Cada persona con epilepsia es diferente. Mientras algunas logran controlar sus crisis con el primer medicamento, otras necesitan probar varios tratamientos antes de encontrar el adecuado. Esta variabilidad ha impulsado una nueva forma de entender la enfermedad: la medicina de precisión, que busca adaptar los tratamientos a las características únicas de cada paciente.

La inteligencia artificial entra en escena

Un reciente estudio publicado en la revista Neurology®, realizado por Feng y su equipo, muestra que la inteligencia artificial (IA), y en particular el aprendizaje profundo (deep learning), puede ayudar a predecir qué personas responderán mejor a los medicamentos anticonvulsivos.

Para ello, los investigadores analizaron datos clínicos y genéticos de pacientes con epilepsia recién diagnosticada en Australia y los siguieron durante su primer año de tratamiento.
El modelo de IA combinó esta información para predecir quiénes lograrían estar libres de crisis y quiénes no responderían del todo bien a la medicación.
Cuando se probó con pacientes de Estados Unidos, Europa y Australia, el sistema mostró una alta precisión, lo que demuestra su potencial.

Qué influye más en la respuesta al tratamiento

El estudio encontró que los factores clínicos clásicos —como los resultados de la resonancia magnética, el electroencefalograma (EEG), la presencia de ansiedad, depresión o consumo de alcohol, y el número de crisis previas— siguen siendo los más importantes para predecir la respuesta al tratamiento.
Sin embargo, al combinar estos datos con información genética, el modelo logró mejores resultados, lo que refuerza la idea de que el futuro del tratamiento pasa por integrar ambos tipos de información.

Genes que podrían marcar la diferencia

Además, los científicos descubrieron nuevas variantes genéticas relacionadas con la respuesta a los medicamentos. Algunos genes, como THAP1, FOXK1, DLX y MEIS1, parecen influir en cómo las neuronas se desarrollan o responden a los fármacos.
Aunque estos hallazgos aún deben confirmarse, abren la puerta a nuevas investigaciones que podrían ayudar a entender mejor por qué algunas personas son más resistentes a ciertos tratamientos.

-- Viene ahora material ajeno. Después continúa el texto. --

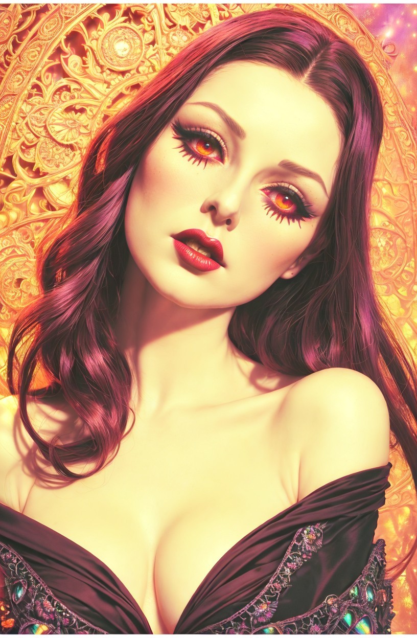 Style by Geoff Darrow and Margaret Keane: lady darkness, red glowing eyes, detailed fantasy, victorian goddess vampire. Extremely derailed, intricate, beautiful, fantastic view, 4K 3D, 3d effects 1.8, fractal background, full moon, shadow mapping 1.3, dynamic lighting 1.7, colorful iridescence, magical realism, scales, crochets, triadic color scheme beige ochre amber, comical sketch art by Overton Loyd, perfect handsface, highly chipped background, flares, grain, Anglocore 1.7, retrofuturistic details, high coloring 1.9, vector 9:5, bokeh, raytraced shadows, ethereal otherworldly psychpomp, acid spill, beautiful stylized composition, erotic essence, pink rim lighting from top to centre, gothic horror essence

Un apoyo para los neurólogos, no un sustituto

A diferencia de lo que muchos temen, los investigadores aclaran que la IA no reemplazará al neurólogo.
De hecho, el modelo se basa en los mismos datos que los especialistas ya usan en consulta, y su objetivo es ayudar a tomar decisiones más informadas, no sustituir la experiencia médica.

Un paso hacia el futuro

El estudio es una prueba de concepto, un primer paso hacia un futuro en el que la epilepsia se trate de forma más personalizada.
Eso sí, los autores señalan que la mayoría de los participantes eran de origen europeo, por lo que es fundamental incluir poblaciones más diversas para que la medicina de precisión beneficie a todos por igual.

En definitiva, este trabajo demuestra que la combinación de inteligencia artificial, genética y conocimiento clínico podría transformar la forma en que se eligen los tratamientos para la epilepsia, con el objetivo de mejorar la calidad de vida de quienes conviven con esta enfermedad.

Para saber más: Feng, W., et al. (2025). «Integrative Deep Learning of Genomic and Clinical Data for Predicting Treatment Response in Newly Diagnosed Epilepsy.» Neurology 105(10): e214315.